In November 2018, Odinga endorsed Bill 2018, which would amend the Constitution of Kenya to guarantee the nomination of female candidates and MPs to Parliament. While she publicly supported the bill, which she said would increase leadership posts for women MPs, Odinga also noted that women had never had the opportunity to compete equally with male politicians in politics. Odinga appeared in Parliament to support sitting women MPs during the debate. However, the bill failed to pass in the National Assembly in February 2019, despite vocal support from Ida Odinga, President Uhuru Kenyatta, and other prominent politicians and activists.

In 2019 Odinga emphasized that she would not endorse anybody for the 2022 general election and people are free to choose anyone they want.

In June 2020, Ida's husband, a former prime minister, traveled to the United Arab Emirates for hospital treatment.

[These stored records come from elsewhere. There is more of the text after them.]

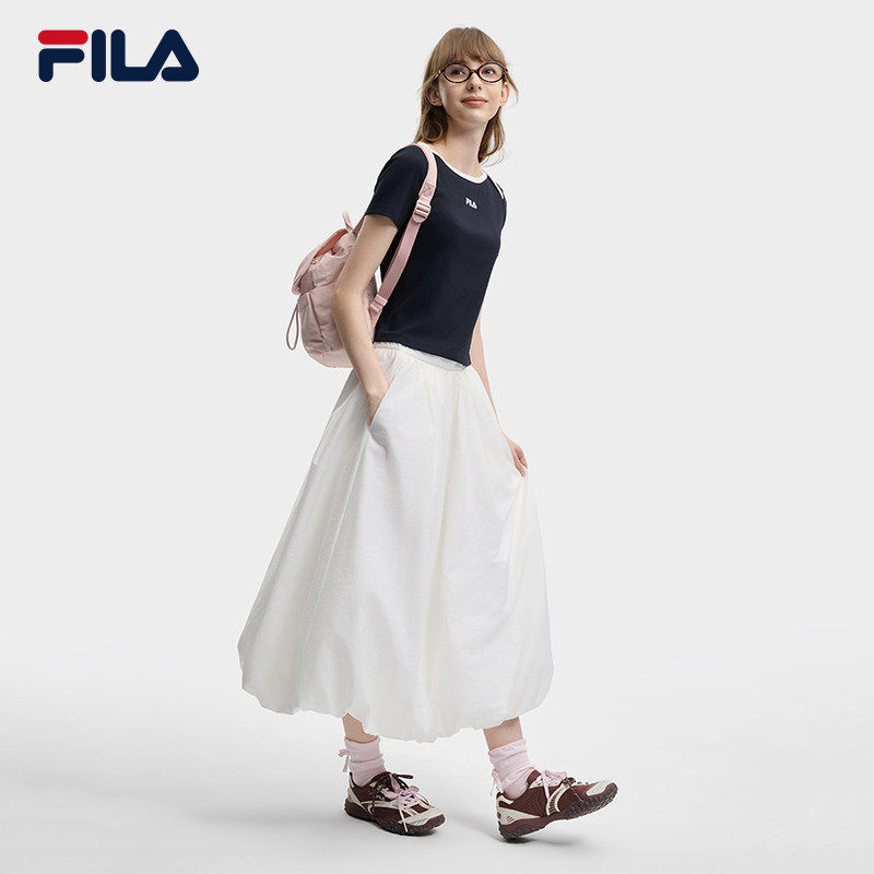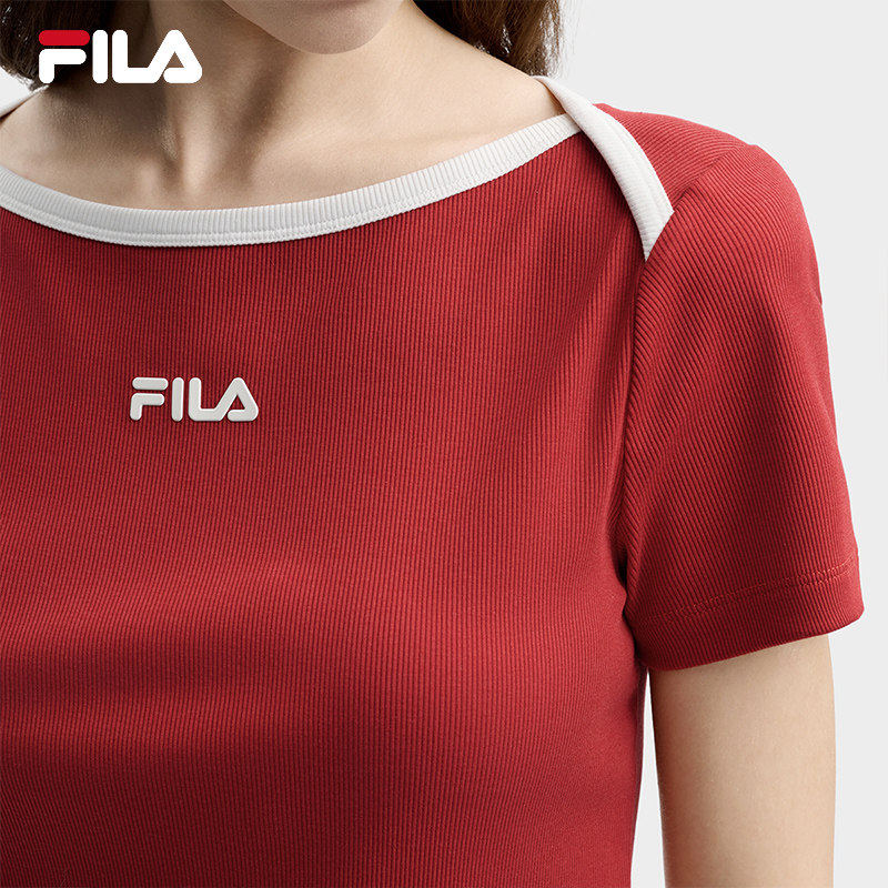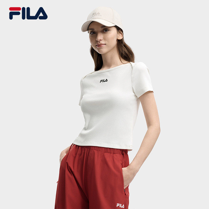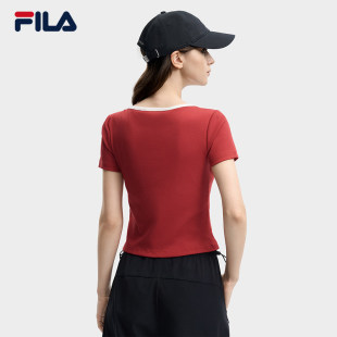 斐乐官方女子针织短袖 休闲简约显瘦修身 衫 新款 白T恤 2026夏季 FILA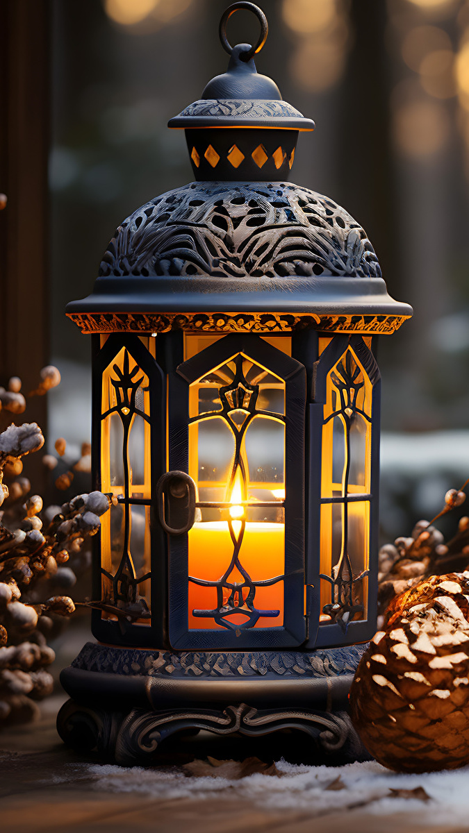 Edytor tapety: Lampion z żółtą płonącą świecą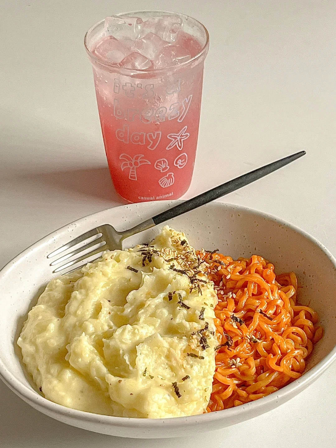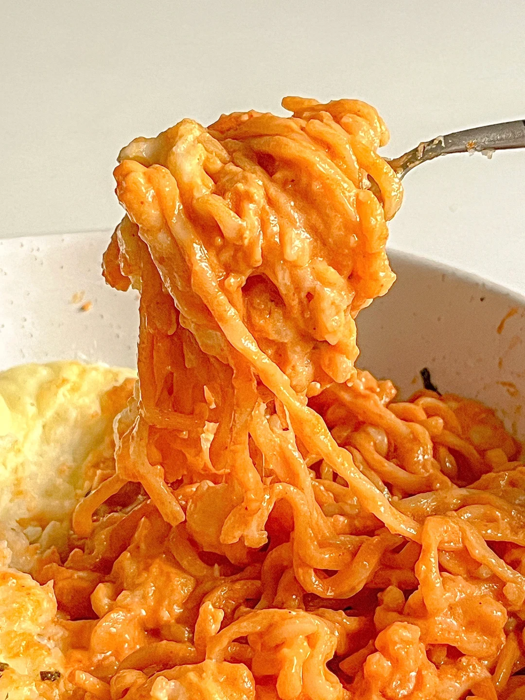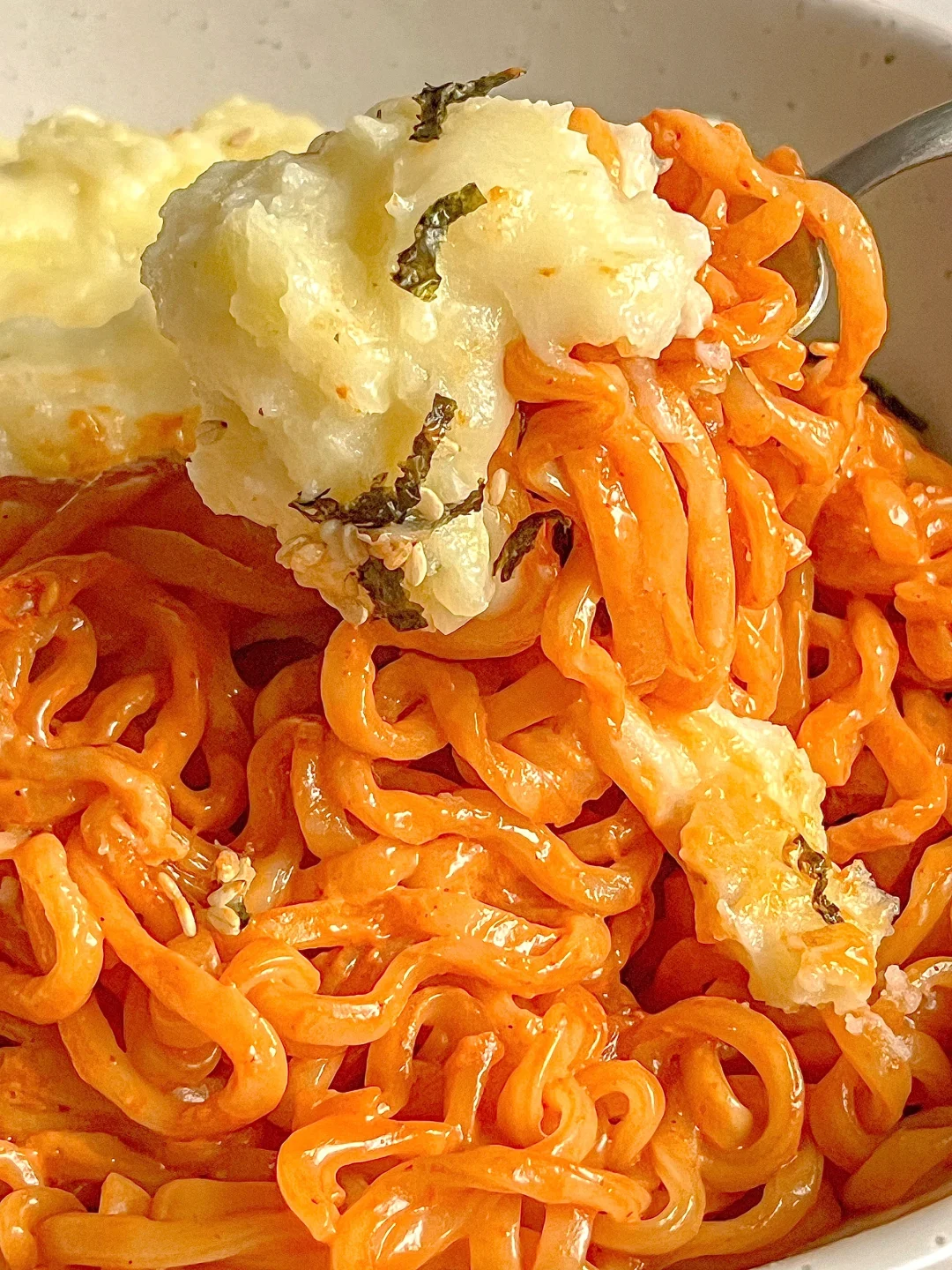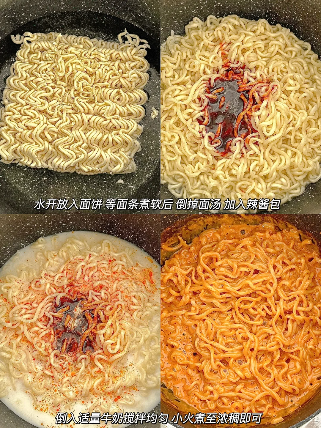 ② :水开放入面饼,面条煮软后倒掉煮面的面汤,加入火鸡面酱包和适量牛奶搅拌均匀,开小火煮至浓稠状即可(火鸡面的神仙煮法,还可以放一片芝士片,奶香浓郁而且不辣,适合不太能吃辣的宝子)
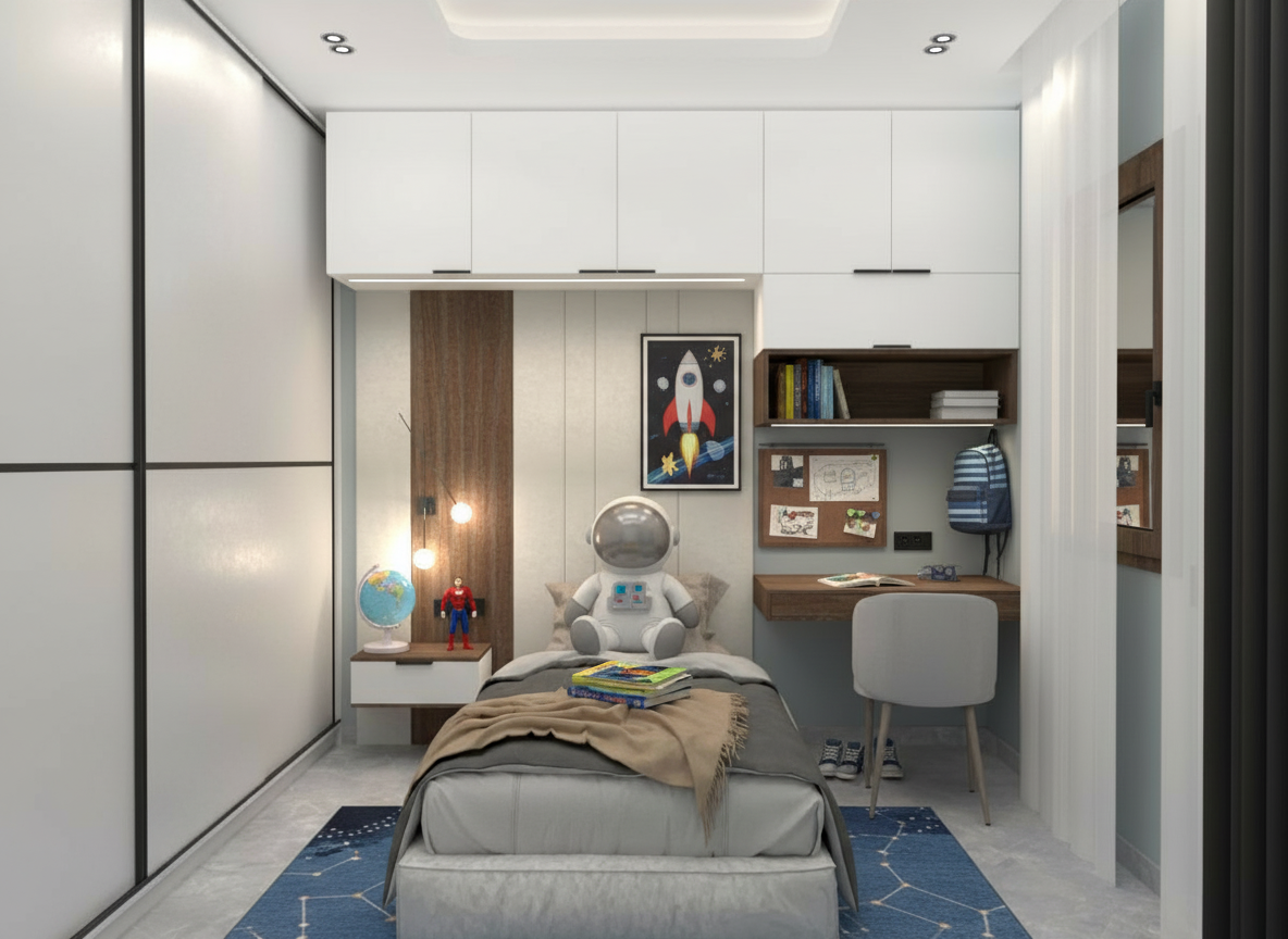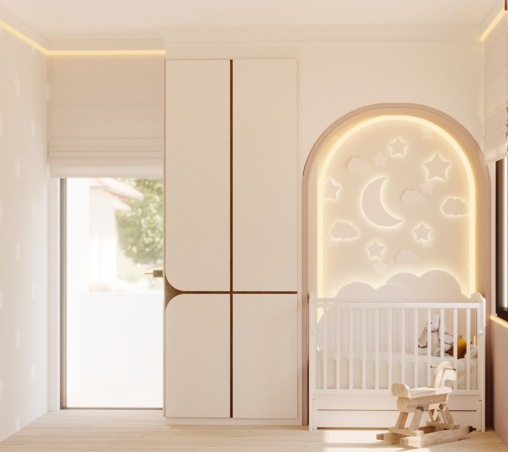 render a serene and cozy modern nursery the walls are a soft off white with delicate star patterns a minimalist white wardrobe stands with clean lines to the right a white crib is set against a feature wall with an arch the arch is adorned with glowing stars clouds and a crescent moon all softly illuminated in warm yellow tones a small wooden rocking horse in light natural wood color rests in front of the crib large windows let in abundant natural light adding to the bright and airy atmosphere the room s ambiance is calm infused with a gentle dreamy warmth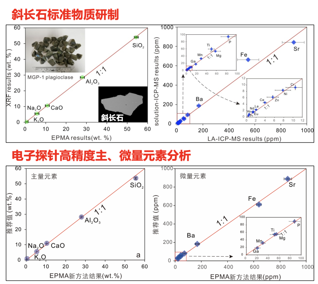 针对上述问题,本实验室在研发了MGP-1斜长石标样基础上,建立了电子探针微量元素分析方法。与常规方法相比,该方法具有以下显著优势 :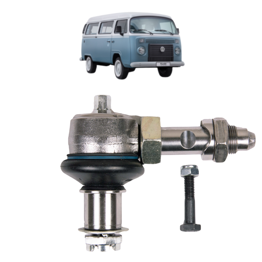 Pivô inferior esquerdo desenvolvido para a suspensão dianteira da VW Kombi. Solução indicada quando o desgaste está concentrado no lado do motorista, sem necessidade de trocar todo o conjunto.

Her husband died on 15 October 2025.

She was appointed by President William Ruto to be the permanent representative for Kenya at the United Nations Environment Programme (UNEP) in 2026, where she works todate.

== Controversy ==

=== Regulation of churches ===
Earlier this year, Ida Odinga called for the regulation of churches to tame the unchecked mushrooming of worship centers across the country. She said the National Council of Churches of Kenya (NCCK) should also ensure church leaders are taken through training for quality service to the congregants. This sparked a heated debate on the internet, forcing her to withdraw and apologize because the remarks made didn't sit well with some members of the clergy. She also stated that her remarks were blown out of context. Ida had, however, received backing from the Atheists Society in Kenya, which demanded that churches not run by theologians should be abolished. She is also an ardent advocate for religious neutrality in the public education system.